Naperville’s exit cost the IAPD about $7,000 in annual dues, park district officials said.

Peter Murphy

Peter Murphy –

“If there’s a message, it’s to the taxpayers of Naperville that we’re trying to do our best managing taxpayer money,” said Naperville park board President Mike Reilly. “The IAPD will decide if it’s a message to them or not, but we’re not charging up a hill with a flag.”

Reilly said the park district relies on its attorneys, Ancel Glink, for guidance on policies and laws.

Glen Ellyn Park District officials suggested they might leave the IAPD as well, but a vote has been postponed until after the IAPD business meeting later this month. Glen Ellyn Park District Executive Director Dave Harris said board President Julia Nephew wants to attend the meeting to “see if there was any additional information presented” regarding Murphy’s salary and benefits before taking action.

“Following that, the board will certainly take official action,” Harris said.

IAPD officials said Naperville is the only district they are aware of to not renew its membership.

More Gliniewicz costs

A Daily Herald investigation in October revealed 49 suburban law enforcement agencies had spent nearly $200,000 on overtime assisting the Lake County Major Crimes Task Force in the first three weeks of the probe into the Sept. 1 death of Fox Lake police Lt.

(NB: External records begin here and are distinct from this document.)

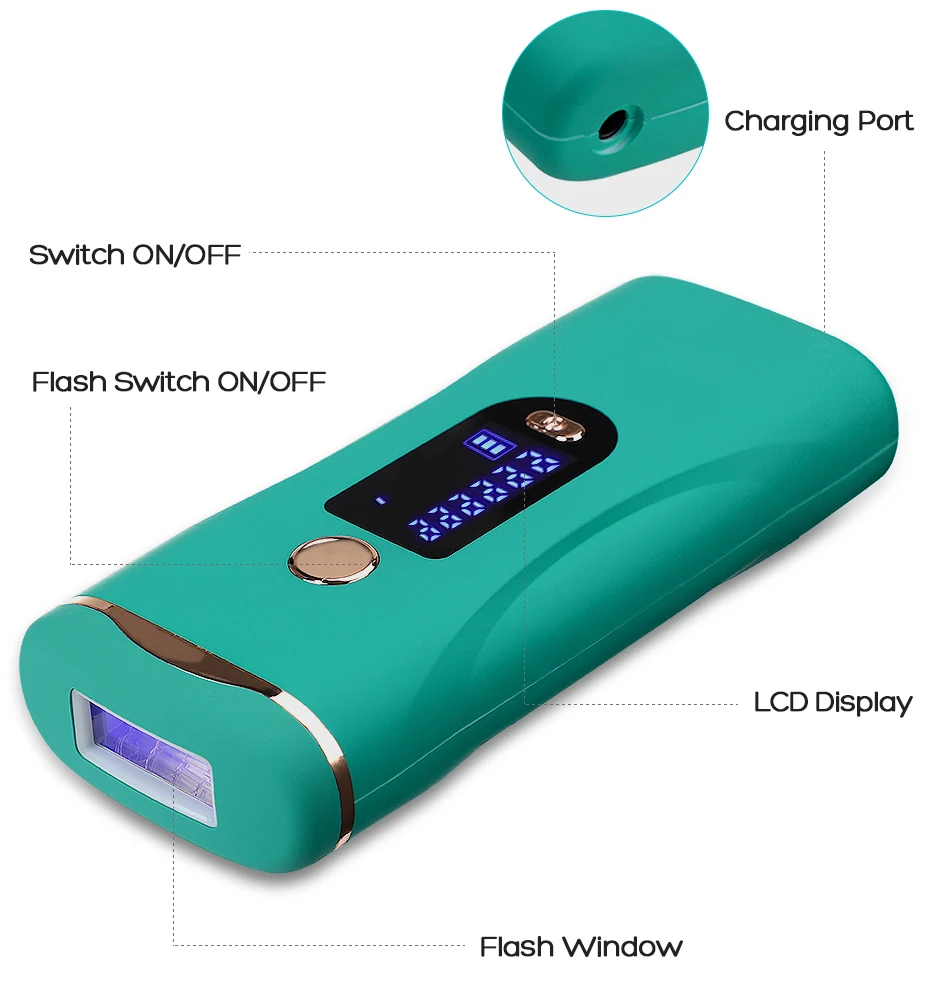 Технология: Интенсивный Импульсный светильник (IPL) Материал: АБС-пластик Цвет корпуса: зеленый (как на изображении) Тип штепсельной вилки: штепсельная вилка стандарта США/штепсельная вилка европейского стандарта (опционально) Светильник уровня интенсивности: 9 уровней Пульс: 999999 шт Длина волны: ≧ 530nm Номинальное напряжение: 100-240 В Входная мощность: 36 Вт Светильник с волнистым покрытием Размер: 3*1 см (3 см2) Метод электропитания: подключаемый Рабочая среда: температура: -10 ℃ ~ 35 ℃, влажность: 30% ~ 75% Размер: прибл. 16,3*7*3 см/6.41x2.75x1.18inch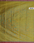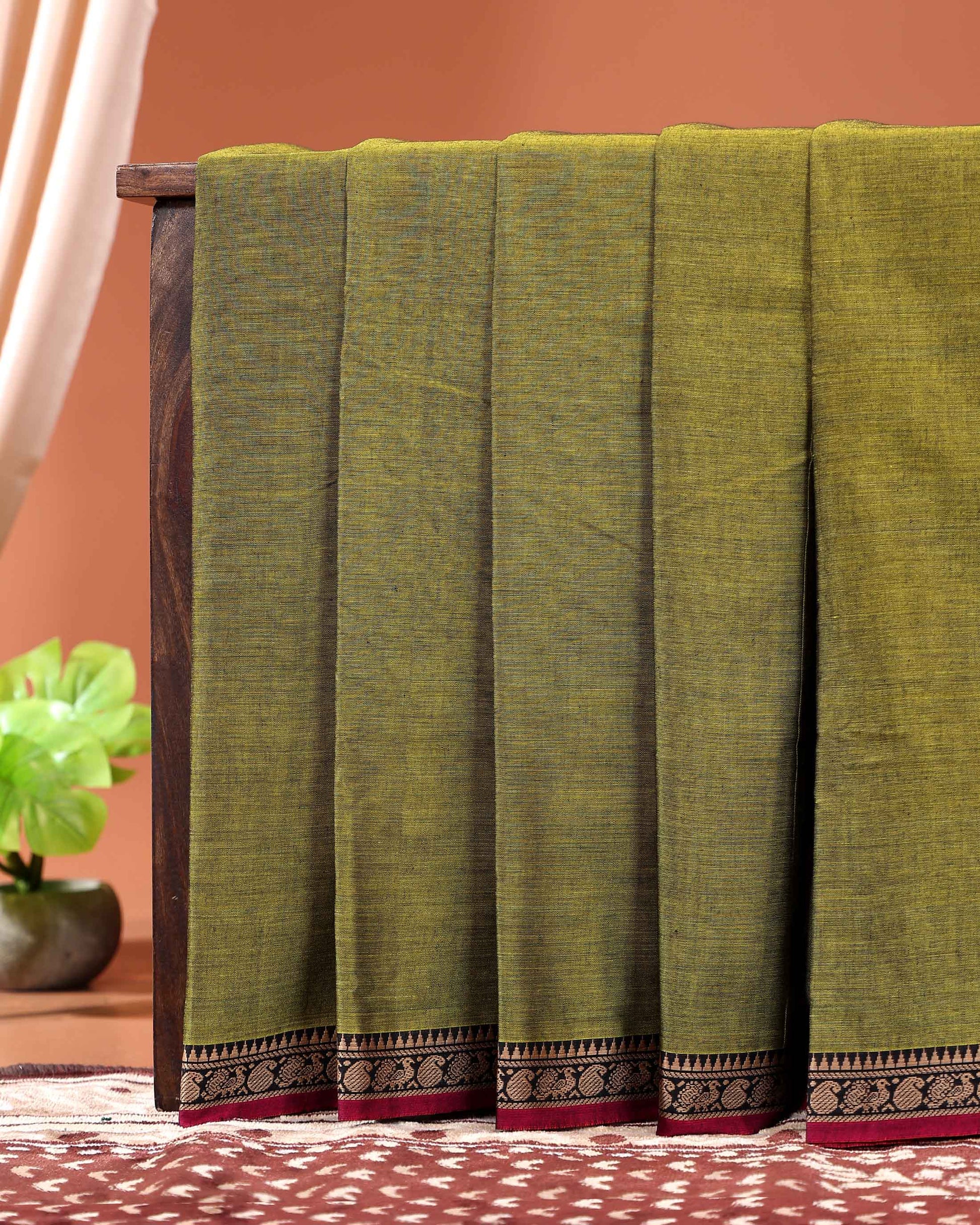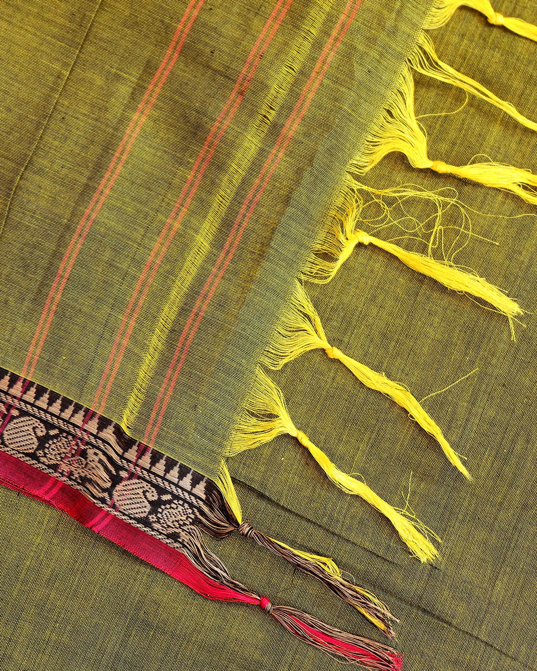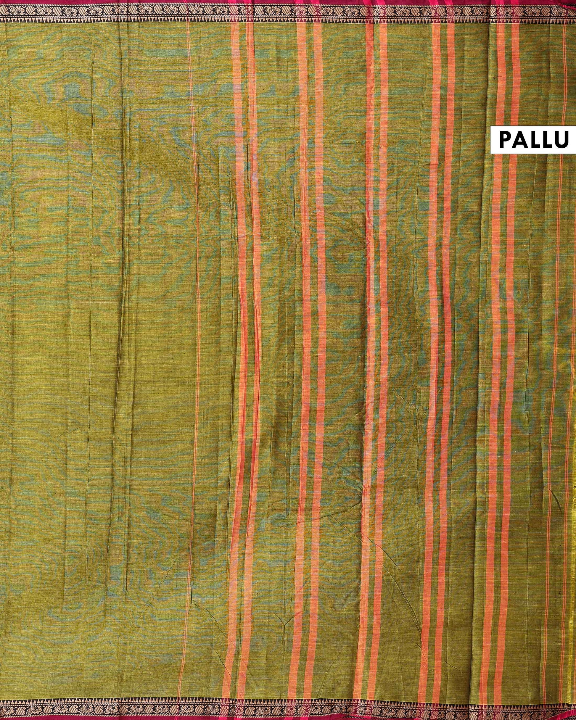 - This handloom olive green Narayanpet cotton saree a contrasting red border with intricate temple motifs.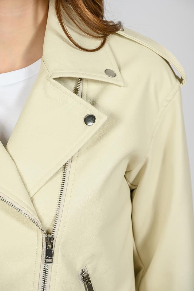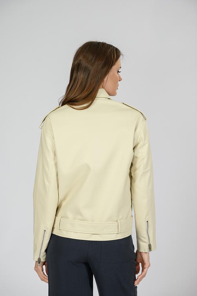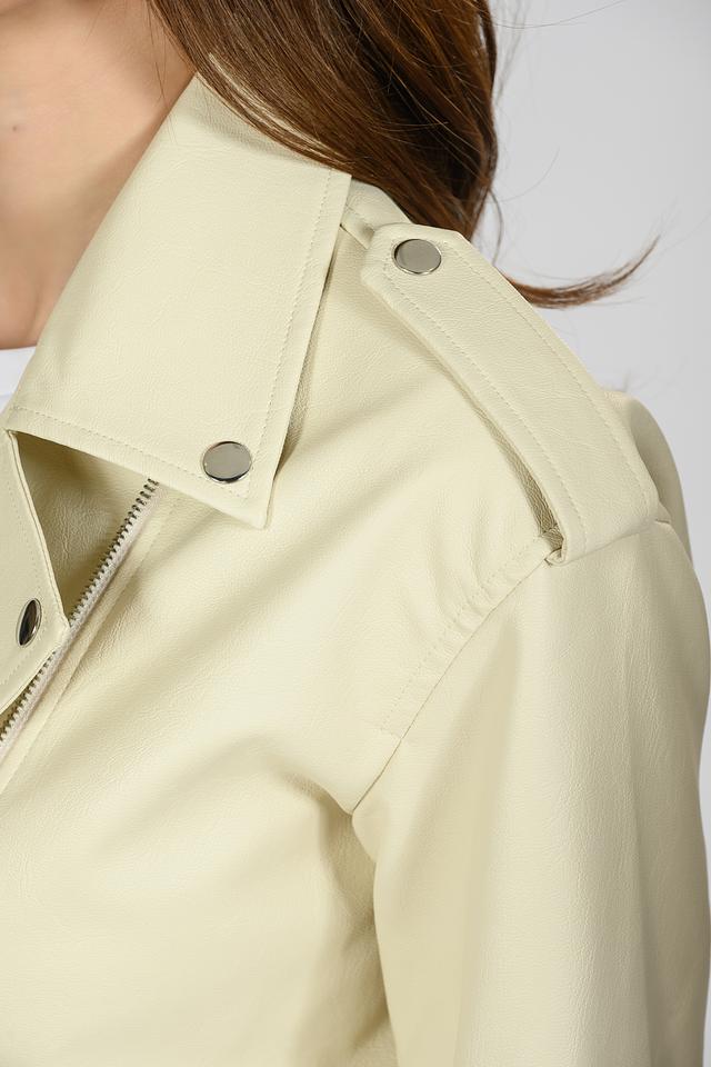 Эта куртка от Emka станет отличным дополнением к вашему гардеробу. Выполнена из высококачественного полиуретана молочного цвета, имитирующего кожу.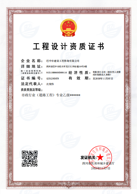 子公司工程咨询公司同步斩获省住建厅颁发的市政行业(道路工程)工程设计专业乙级资质,成功叩开市政工程设计领域大门。
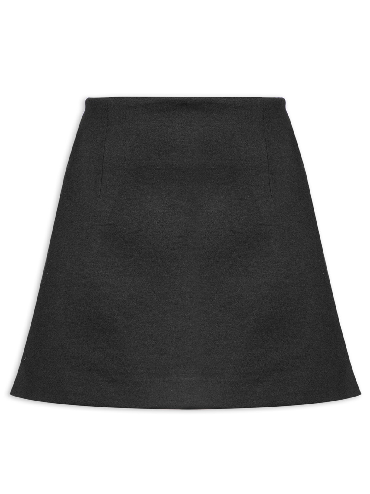 A saia preta é confeccionada em malha encorpada de baixa elasticidade. A peça solta ao corpo, possui cintura alta, bolsos faca frontais, fendas laterais, comprimento curto, forro e fechamento posterior por zíper invisível.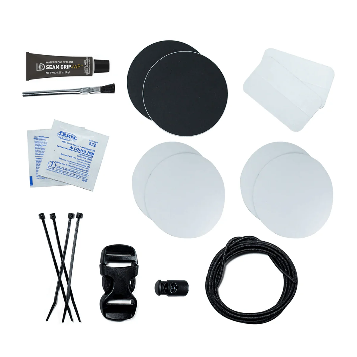 Le contenu réunit des patchs Tenacious Tape transparents de tailles variées, deux patchs en nylon noir, un scellant Seam Grip WP de 7 g avec pinceau applicateur, des lingettes alcoolisées, des attaches zippées, une boucle à double réglage de 2,5 cm, un verrou de cordon Ellipse et 203,2 cm de cordon de serrage. Chaque élément est sélectionné pour répondre aux besoins du terrain, restaurer une couture, combler un accroc ou remplacer une pièce fonctionnelle, tout en conservant la précision des interventions.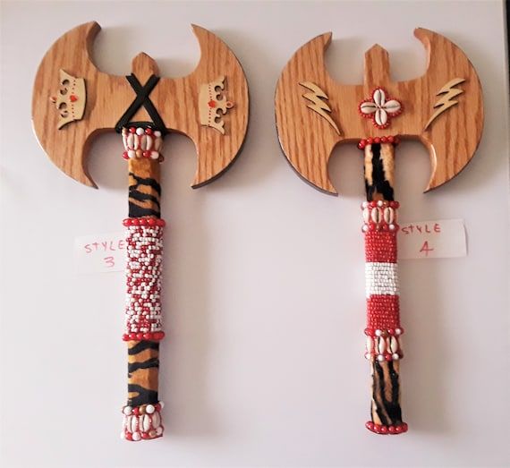 El hacha representa su autoridad, fuerza y dominio, mientras que la espada simboliza justicia, poder y protección espiritual.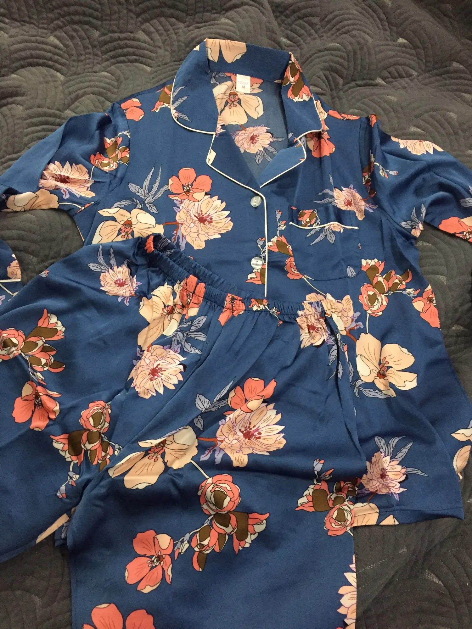 Пижамы очень хорошие, красивые и приятные к телу. Правда на синей пижаме в оригинале были белые пластмассовые пуговицы, которые сильно дешевили еë внешний вид, но если их перешить и заменить на более подходящие по цвету, восприятие кардинально меняется. В подарок продавец положил резинку с бантиком. Доставка в течение месяца. Товар и продавца рекомендую!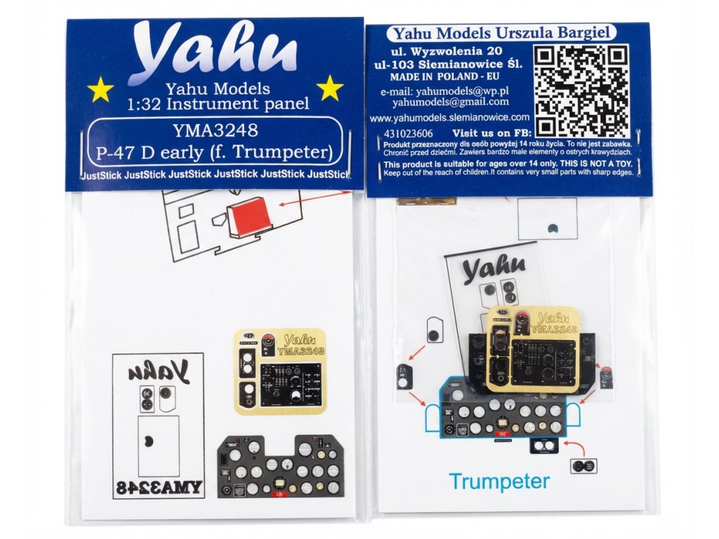Yahu Models 1/32 P-47 D early recommended for Trumpeter Republic P-47D Thunderbolt Early je fotolepený přístrojový panel určený pro plastikové stavebnice Republic P-47D Thunderbolt v měřítku 1:32 od výrobce Trumpeter. Doplněk nahrazuje standardní plastové díly detailnějším provedeným z fotoleptaného kovu a umožňuje dosáhnout vyšší úrovně detailu kokpitu. Vyžaduje základní zkušenosti s lepením fotoleptů a použití vhodného lepidla (např. CA vteřinové lepidlo nebo lepidlo na fotolept). Balení neobsahuje barvy ani lepidla potřebné k sestavení.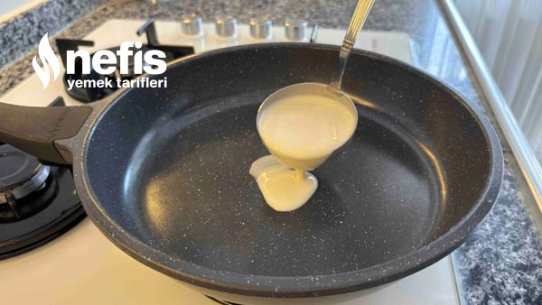 - Orta sıcaklıktaki tavaya dökerek dağıtalım hayli ince hamur dökelim.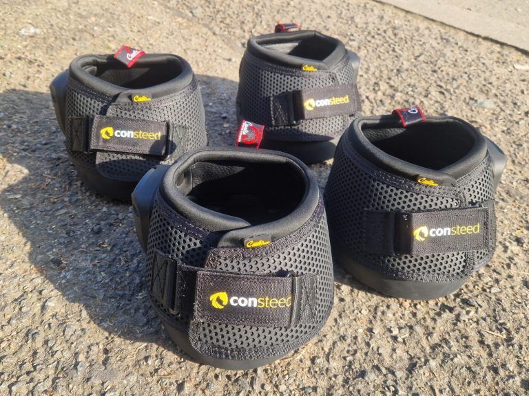 Die Hufschuhe gibt es in verschiedenen Größen und können barhuf oder mit Beschlag (Eisen, Duplos etc.) verwendet werden.
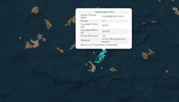 Ο πρώτος σημειώθηκε 24 χλμ. νοτιοδυτικά της Αρκεσίνης Αμοργού, είχε μέγεθος 3,1 βαθμούς της κλίμακας Ρίχτερ και εστιακό βάθος 13,1 χιλιομέτρων.
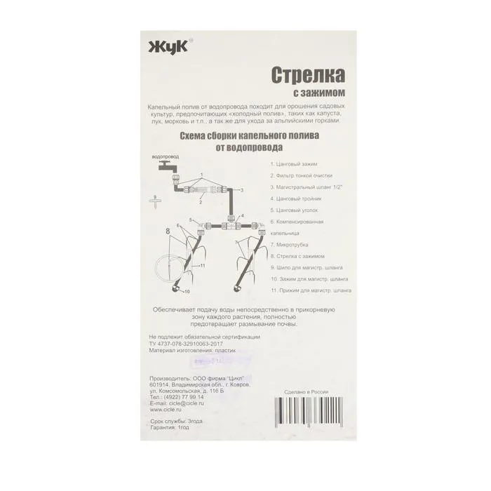 Набор стрелок с зажимом для капельного полива от водопровода, 10 шт., «Жук» — Характеристики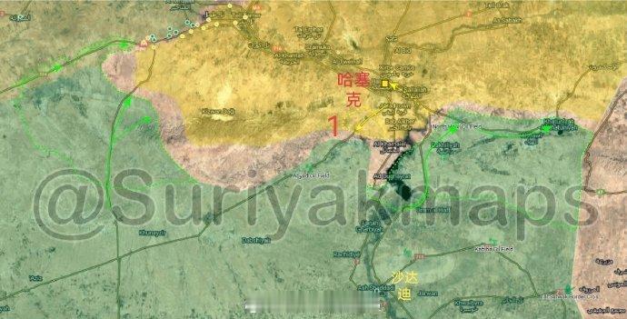 截至1月20日下午14点叙利亚局势: 1.阿勒颇省和拉卡省前线: 从夜间到清晨,尽管遭遇“人民保护部队”(库尔德武装组成)的抵抗,但叙利亚过渡政府军仍继续向M-4高速公路推进并取得了进展。目前,双方的冲突仍在继续(图一)。 2.哈塞克省前线: 自昨日起,叙利亚过渡政府军从三个方向向哈塞克省推进(图二)。同时,“叙利亚民主军”在哈塞克市以南发起反击以缓解压力,重新夺回了特尔·巴鲁德镇(图二1)。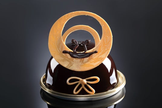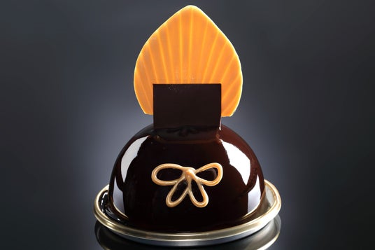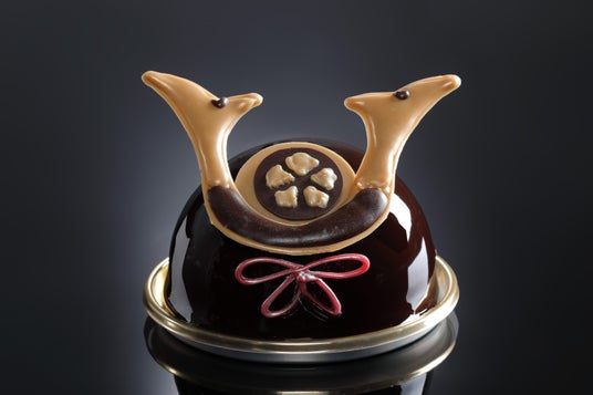 豊臣秀吉マンゴー、パッションフルーツ、チョコレートで仕上げたエキゾチックでさわやかな甘さのムースケーキ。豊臣秀吉の兜「一の谷馬蘭後立付兜」を表現しました。
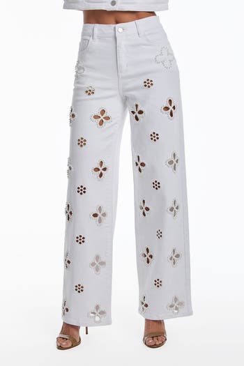 - Allover floral cutout embroidery with faux pearl trim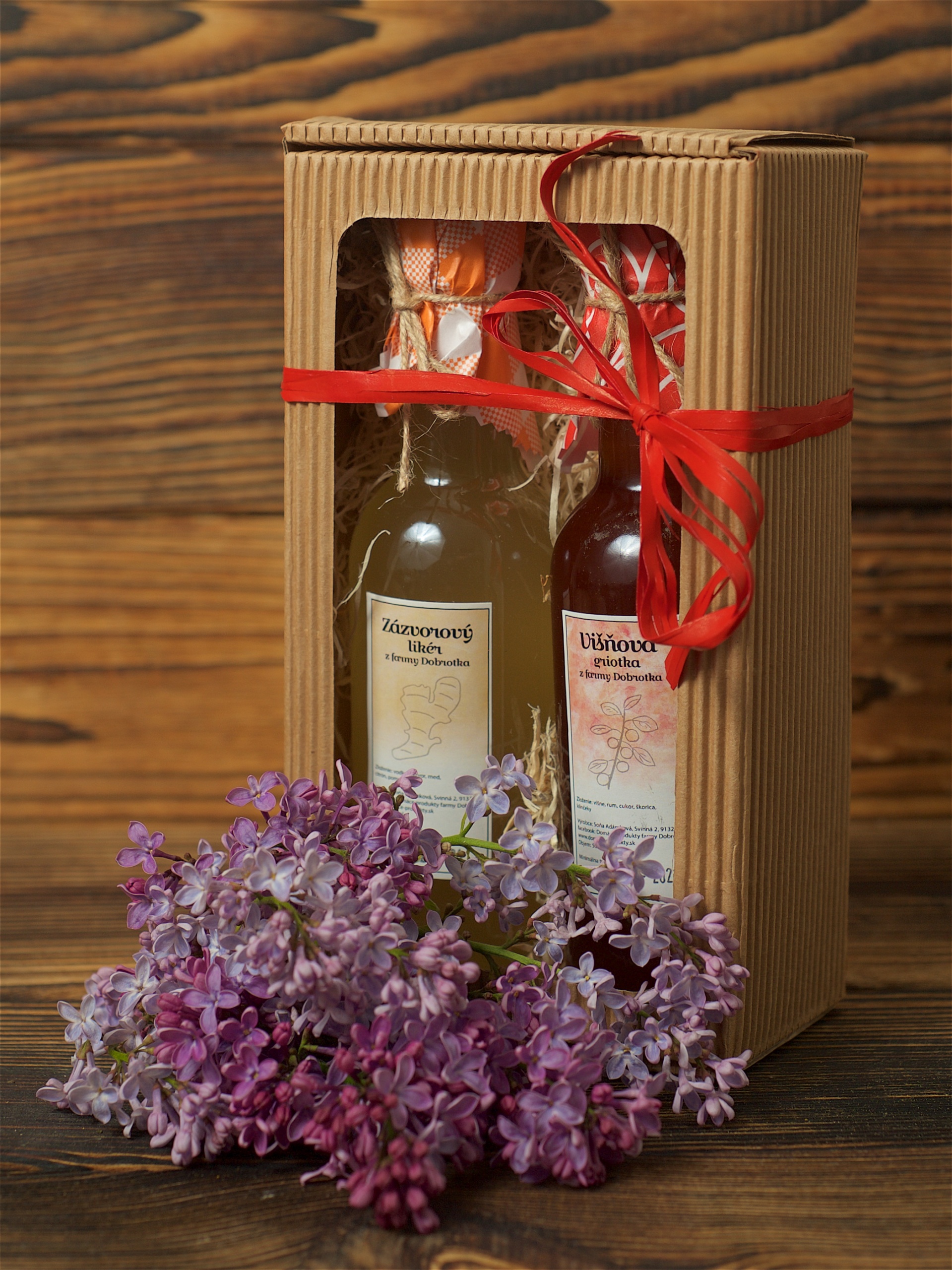 В Ide o darcekovu sadu 2 druhov domacich likerov vo flastickach s objemom 300ml, ktore si mozete zvolit z aktualnej ponuky . Druhy pozadovanych likerov uvedte, prosim, do poznamky k objednavke.

Charles Joseph Gliniewicz.

Joe Gliniewicz

Joe Gliniewicz –

Now, the Illinois State Police has added nearly $13,000 to that tally.

State police overtime costs were not included in the initial tally because agency officials requested additional time to respond to an open records request.

Eventually those costs were provided and amounted to $12,911, according to the state police response. Agency officials reported 54 troopers were paid an average of $66.06 for 190.5 hours of overtime assisting in the Gliniewicz investigation.

Task force officials said one trooper was assigned to the case for weeks, while the rest of the costs came in the initial days of the case, when Gliniewicz was thought to have been killed in the line of duty by assailants who escaped.

At $45,727, only the Lake County sheriff’s office, which provided 95 different employees to assist in the investigation, spent more on overtime during that time, according to the analysis.

Task force officials said they got help from more than 90 local law enforcement agencies, as well as several federal agencies and the Illinois State Police.

Investigators later determined Gliniewicz had staged his suicide to look like he had succumbed to a gunshot wound during a struggle with multiple offenders. Investigators said he killed himself in an attempt to cover up years of embezzlement and fraud he had perpetrated through his time as leader of a youth program affiliated with the Fox Lake Police Department.